John Martin, Plan for Supplying with Pure Water the Cities of London and Westminster, and of Materially Improving and Beautifying the Western Parts of the Metropolis (London, 1828).

For consumers, who were both sources of capital and political constituents, the British “constitution,” a set of informally defined principles, included not only an indelible investment in a sense of place (and property, to go along with it) but also “liberty” from government itself—perhaps the very reason the “constitution” remained unwritten (or more properly, as the scholar Anthony King has argued, not codified).18 The maxim that held that “a man’s home is his castle” gave license to consumers to consider the domestic sphere as an autonomous domain, even after plugging into wider networks like roads and water had developed into a norm.19 Applying high-minded notions of the “constitution” to markets, monopolies became infringements upon liberty. Adam Smith suggested that “public works” like highways and canals might be exceptions to his repudiation of monopolies, but among the exceptions to that exception was the “trade of bringing water for the supply of a great city,” which would benefit from management by non-monopolistic private companies.20 According to Smith, there was only one way to provide water, so companies could bear the pressures of a free market without assigning a charter-granting monopoly power. (Fire insurance fell into this category as well.) Yet, as the cartel-like water companies competed among one another for distribution areas, urban water consumers objected to their lack of choice in water suppliers as an infringement on their self-definition as free people. The Anti-Water-Monopoly Association assumed precisely this as their mission, adopting the language of “liberty” to demand a competitive marketplace for the provision of water.21 The mechanism for depriving people of that right was the mandated replacement of wooden pipes with iron ones.
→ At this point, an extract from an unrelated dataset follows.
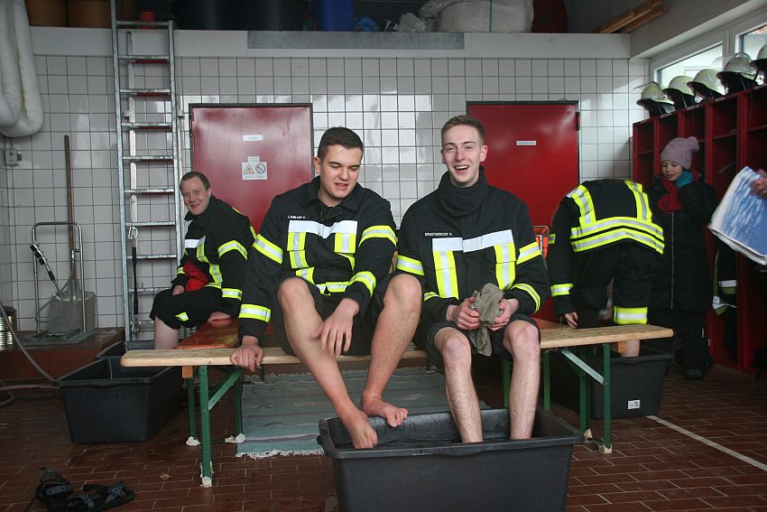 Nachdem sich alle bei einen Fußbad wieder aufgewärmt haben, gab es zum Abschluss noch Gegrilltes, Kaffee und Kuchen im Gerätehaus.

The right to clean water appears here as a logical extension of the construct of liberties that undergirded the concept of sovereign, free persons.22 The notion of “freedom” was applied to water, but in that context it had a very different meaning: a House of Lords report indicated that it should be “free from insects and all suspended matters, … free from extraneous substances, . . . free from the suspicion of general insalubrity.”23 The coincidence of these freedoms was contingent on a water system that would provide good-quality supply to all who merited it—in this case, to all who could pay for it. Guarantees of rights were thus economically circumscribed.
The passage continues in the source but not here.